James C. Stroud and Elizabeth A. Johns of Rawle & Henderson, on behalf of Young Ricchiuti, and Joseph R. Viola P.C., on behalf of Nancy Beasley and Lynn Hayes, said in a motion for summary judgment that “rather than identify a specific filing which allegedly abused the legal process, plaintiffs’ claim for abuse of process is based solely on YRCH’s representation of Nancy and Lynn in the Orphans’ Court.”
Further, the defendants said that the claim for abuse of process began to run at the latest by April 30, 2008, which was when the plaintiffs expert issued his report about the allegedly conflicted representation and when “plaintiffs were in possession of all facts which allegedly gave rise to their claim.”
Dion G. Rassias, David A. Yanoff and Maxwell S. Kennerly of the Beasley Firm said in their opposition to the motion for summary judgment that the course of conduct, “undertaken and enabled” by Young Ricchiuti’s representation, was still within the statute of limitations because “the word ‘process’ as used in the tort of abuse of process has been interpreted broadly, and encompasses the entire range of procedures incident to the litigation process.”
The plaintiffs rejected that by “imputing all acts, plaintiffs have imputed none,” their papers said.
The plaintiffs argued that the abuse of process, allegedly furthered by Young Ricchiuti’s representation, “terminated only with the termination of that representation, by the withdrawal, docketed on January 11, 2010.”
The judge ruled that the plaintiffs’ cause of action for civil conspiracy and for abuse of process are time-barred.
Regarding the claim of civil conspiracy, Snite opined that the claim for conspiracy is based upon the alleged abuse of process and the last “overt act committed in furtherance of the conspiracy” was the entry of appearance of Young Ricchiuti into the Montgomery County Orphans’ Court on January 14, 2008.
Snite rejected that the continuing violations doctrine equitably tolled the statute of limitations.
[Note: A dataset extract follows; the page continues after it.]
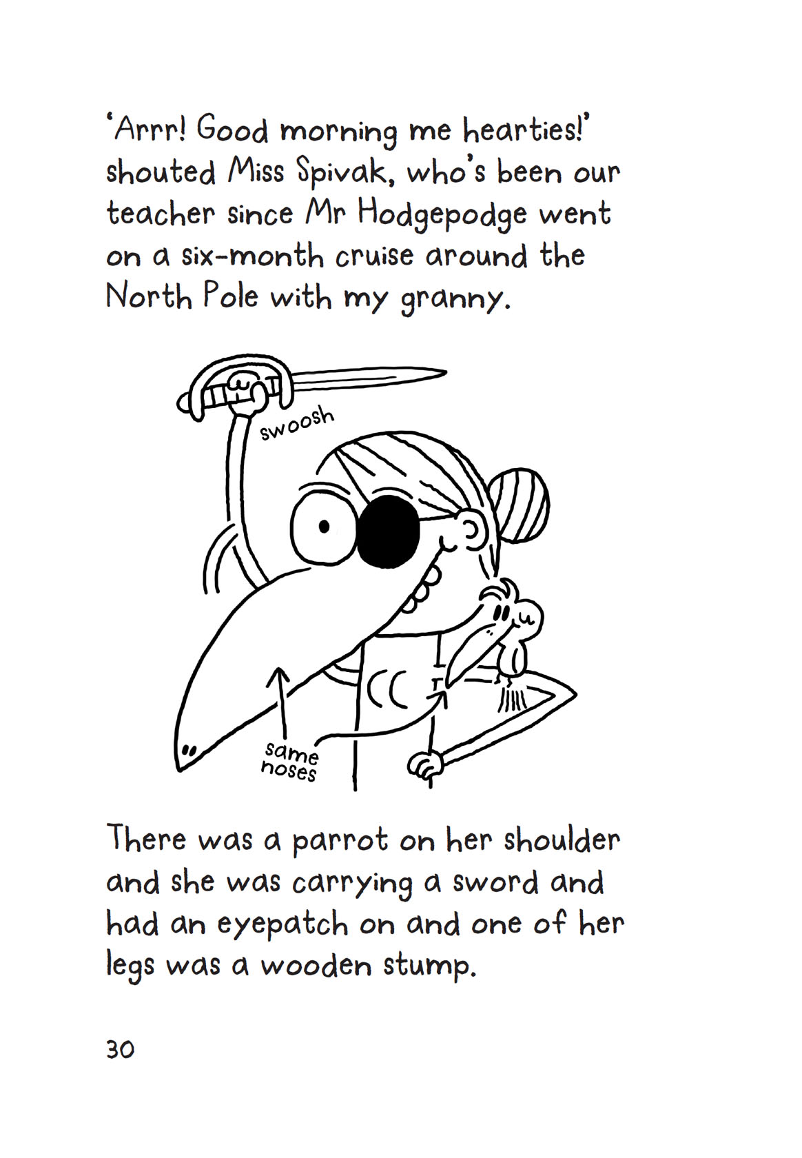 ‘Arrr! Good morning me hearties!’ shouted Miss Spivak, who’s been our teacher since Mr Hodgepodge went on a six-month cruise around the North Pole with my granny.

“Merely because Erbstein and Young’s representation of Hayes and Beasley continued does not excuse plaintiffs from taking any action at the time they became aware they were harmed, the date Erbstein and Young entered their appearance,” Snite said. “It was at this time plaintiffs knew or should have known defendants were allegedly abusing the process or conspiring to abuse process by engaging counsel with an alleged conflict of interest.”
The opinion in Beasley v. Young Ricchiuti Caldwell & Heller was issued August 2 and the appeal was filed Thursday.
Stroud and Yanoff did not respond to requests for comment.